Interning

All string literals are interned in a custom ELF section. This has proven to be the way that requires the less post-processing and implementation work. It is not without downsides as we'll see.

The basic pattern for interning a string is this:


#![allow(unused)]
fn main() {
#[export_name = "the string that will be interned"]
#[link_section = ".my_custom_section.some_unique_identifier"]
//             ^ this is the INPUT linker section
static SYM: u8 = 0;

// index of the interned string
let index = &SYM as *const u8 as usize;
}

A linker script is required to group all these strings into a single OUTPUT linker section:

SECTIONS
{
  /* NOTE: simplified */
  .my_custom_section /* <- name of the OUTPUT linker section */
    (INFO) /* <- metadata section: not placed in Flash */
    : 0 /* <- start address of this section */
  {
    *(.my_custom_section.*); /* <- name of the INPUT linker section */
  /*^                    ^ glob pattern */
  /*^ from any object file (~= crate) */
  }
}

With this linker script the linker will tightly pack all the interned strings in the chosen linker section. The linker will also discard strings that end no being used in the final binary AKA "garbage collection". Garbage collection will only work correctly if every string is placed in a different INPUT linker section.

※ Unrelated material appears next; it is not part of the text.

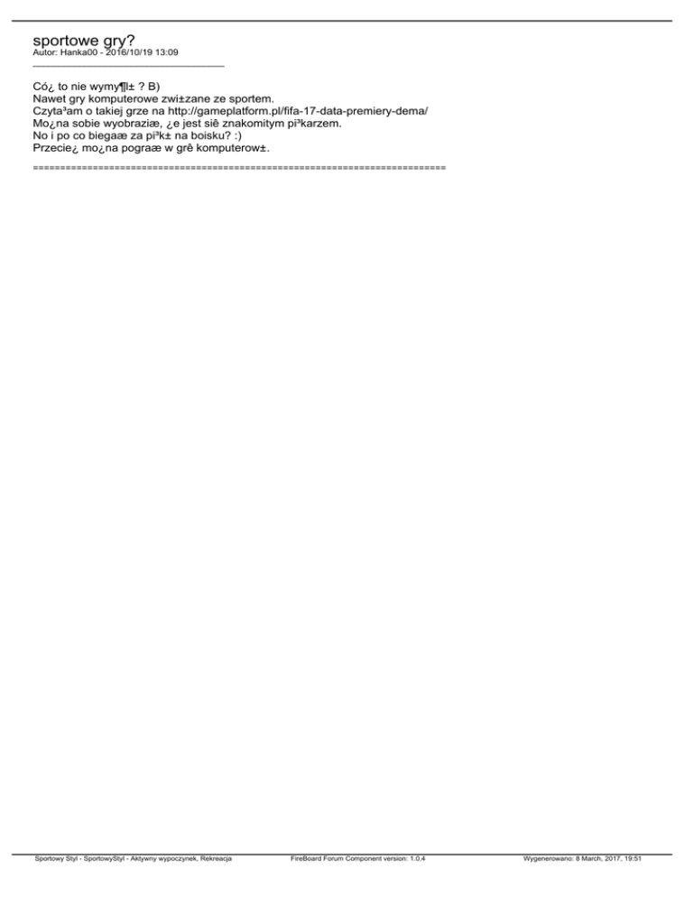 sportowe gry? Autor: Hanka00 - 2016/10/19 13:09 _____________________________________ Có¿ to nie wymy¶l± ? B) Nawet gry komputerowe zwi±zane ze sportem. Czyta³am o takiej grze na http://gameplatform.pl/fifa-17-data-premiery-dema/ Mo¿na sobie wyobraziæ, ¿e jest siê znakomitym pi³karzem. No i po co biegaæ za pi³k± na boisku? :) Przecie¿ mo¿na pograæ w grê komputerow±. ============================================================================ Sportowy Styl - SportowyStyl - Aktywny wypoczynek, Rekreacja FireBoard Forum Component version: 1.0.4 Wygenerowano: 8 March, 2017, 19:51

After you have linked the program you can display the interned strings using the nm tool.

$ arm-none-eabi-nm -CSn elf-file
00000000 00000001 N USB controller is ready
00000001 00000001 N entering low power mode
00000002 00000001 N leaving low power mode
(..)

The nm shows all the symbols in the ELF file. In ELF files one function = one symbol and one static variable = one symbol. So function foo will show as crate_name::module_name::foo in the nm output; same thing with a static variable X.

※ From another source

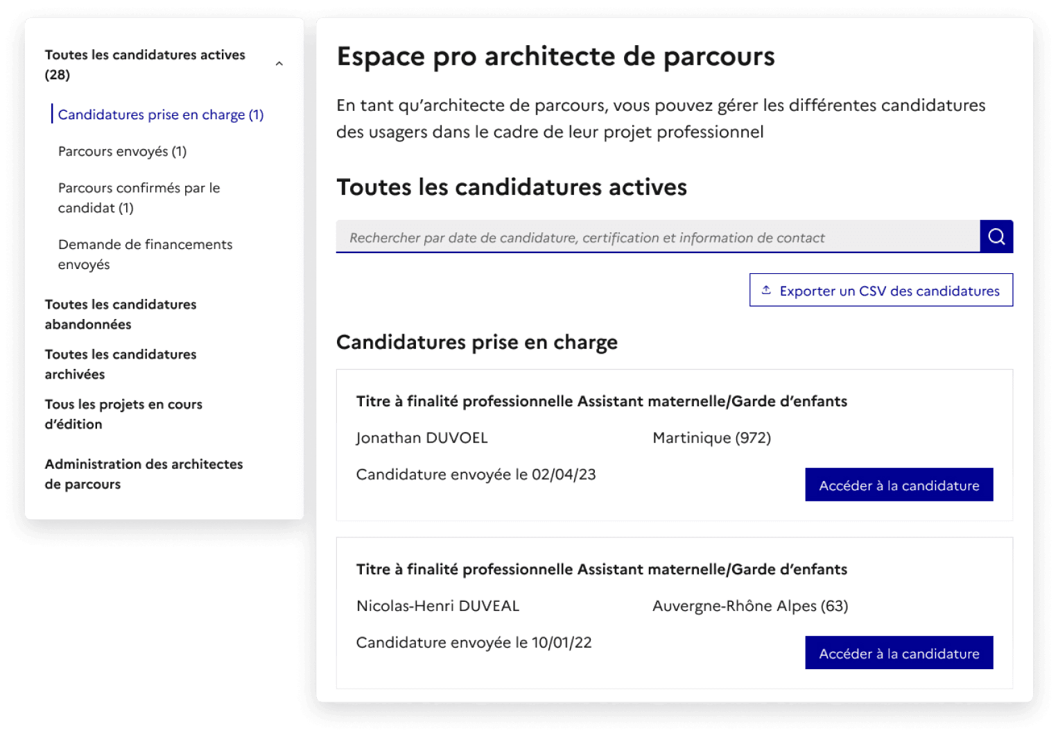 L’espace professionnel centralise le suivi de vos candidats depuis leur inscription jusqu'à leur passage devant le jury et facilite la gestion des démarches liées à la VAE :

The four columns in the output, from left to right, contain:

  • the address of the symbol
  • the size of the symbol in bytes
  • the type of the symbol
  • the symbol name

As you can see the interned string is the symbol name. Although we cannot write:

static "USB controller is ready": u8 = 0;

We can write:


#![allow(unused)]
fn main() {
#[export_name = "USB controller is ready"]
static SYM: u8 = 0;
}

The next thing to note is that each interned string symbol is one byte in size (because static SYM has type u8). Thanks to this the addresses of the symbols are consecutive: 0, 1, 2, etc.